*** Opening of Records for processing ***
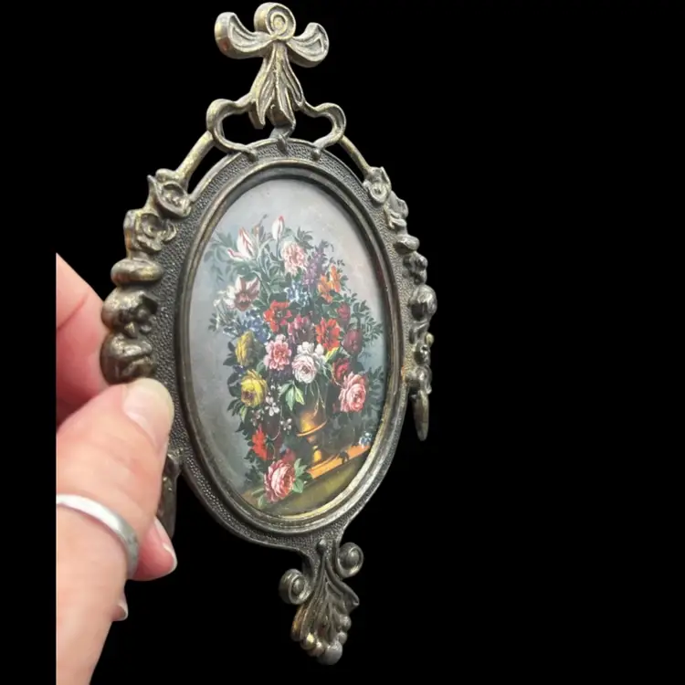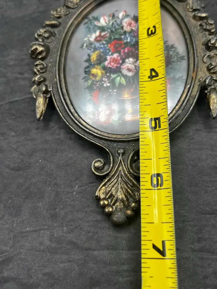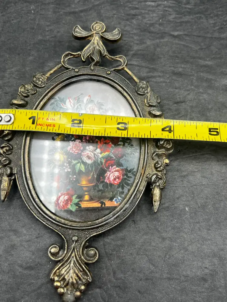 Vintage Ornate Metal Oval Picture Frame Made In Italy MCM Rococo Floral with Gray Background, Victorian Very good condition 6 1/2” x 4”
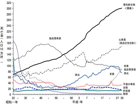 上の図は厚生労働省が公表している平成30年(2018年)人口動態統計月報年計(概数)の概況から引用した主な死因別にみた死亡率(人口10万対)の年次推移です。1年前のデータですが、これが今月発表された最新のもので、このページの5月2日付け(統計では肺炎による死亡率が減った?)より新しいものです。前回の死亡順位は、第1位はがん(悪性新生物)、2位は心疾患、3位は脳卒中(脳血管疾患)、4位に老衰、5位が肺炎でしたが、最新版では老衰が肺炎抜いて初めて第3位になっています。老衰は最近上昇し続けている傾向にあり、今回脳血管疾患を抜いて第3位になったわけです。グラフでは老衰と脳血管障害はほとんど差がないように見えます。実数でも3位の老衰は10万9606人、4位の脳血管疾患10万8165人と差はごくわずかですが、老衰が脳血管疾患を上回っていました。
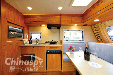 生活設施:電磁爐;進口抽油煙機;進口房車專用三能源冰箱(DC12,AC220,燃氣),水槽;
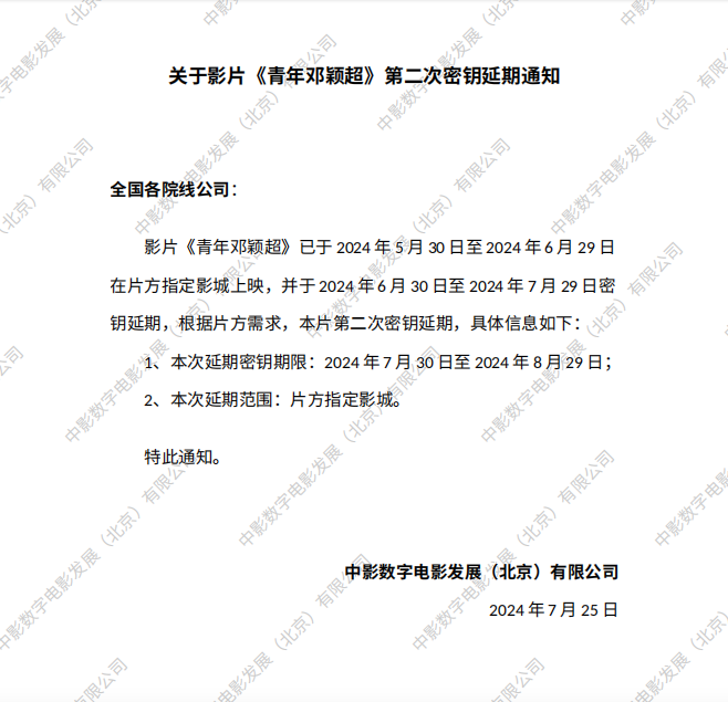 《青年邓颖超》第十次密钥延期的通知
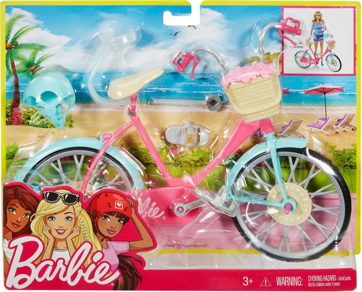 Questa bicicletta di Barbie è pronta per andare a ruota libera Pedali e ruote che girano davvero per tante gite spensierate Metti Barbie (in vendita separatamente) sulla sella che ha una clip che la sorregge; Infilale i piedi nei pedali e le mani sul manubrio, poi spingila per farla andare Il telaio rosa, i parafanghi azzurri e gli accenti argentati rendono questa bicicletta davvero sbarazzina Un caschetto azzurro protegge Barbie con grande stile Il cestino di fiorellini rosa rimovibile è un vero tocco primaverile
*** Close of Records for processing ***
*How to complete this task:* Only the pictures are to be left out; write out all the other data exactly.

*Response to the exercise:*
 Vintage Ornate Metal Oval Picture Frame Made In Italy MCM Rococo Floral with Gray Background, Victorian Very good condition 6 1/2” x 4”
 上の図は厚生労働省が公表している平成30年(2018年)人口動態統計月報年計(概数)の概況から引用した主な死因別にみた死亡率(人口10万対)の年次推移です。1年前のデータですが、これが今月発表された最新のもので、このページの5月2日付け(統計では肺炎による死亡率が減った?)より新しいものです。前回の死亡順位は、第1位はがん(悪性新生物)、2位は心疾患、3位は脳卒中(脳血管疾患)、4位に老衰、5位が肺炎でしたが、最新版では老衰が肺炎抜いて初めて第3位になっています。老衰は最近上昇し続けている傾向にあり、今回脳血管疾患を抜いて第3位になったわけです。グラフでは老衰と脳血管障害はほとんど差がないように見えます。実数でも3位の老衰は10万9606人、4位の脳血管疾患10万8165人と差はごくわずかですが、老衰が脳血管疾患を上回っていました。
 生活設施:電磁爐;進口抽油煙機;進口房車專用三能源冰箱(DC12,AC220,燃氣),水槽;
 《青年邓颖超》第十次密钥延期的通知
 Questa bicicletta di Barbie è pronta per andare a ruota libera Pedali e ruote che girano davvero per tante gite spensierate Metti Barbie (in vendita separatamente) sulla sella che ha una clip che la sorregge; Infilale i piedi nei pedali e le mani sul manubrio, poi spingila per farla andare Il telaio rosa, i parafanghi azzurri e gli accenti argentati rendono questa bicicletta davvero sbarazzina Un caschetto azzurro protegge Barbie con grande stile Il cestino di fiorellini rosa rimovibile è un vero tocco primaverile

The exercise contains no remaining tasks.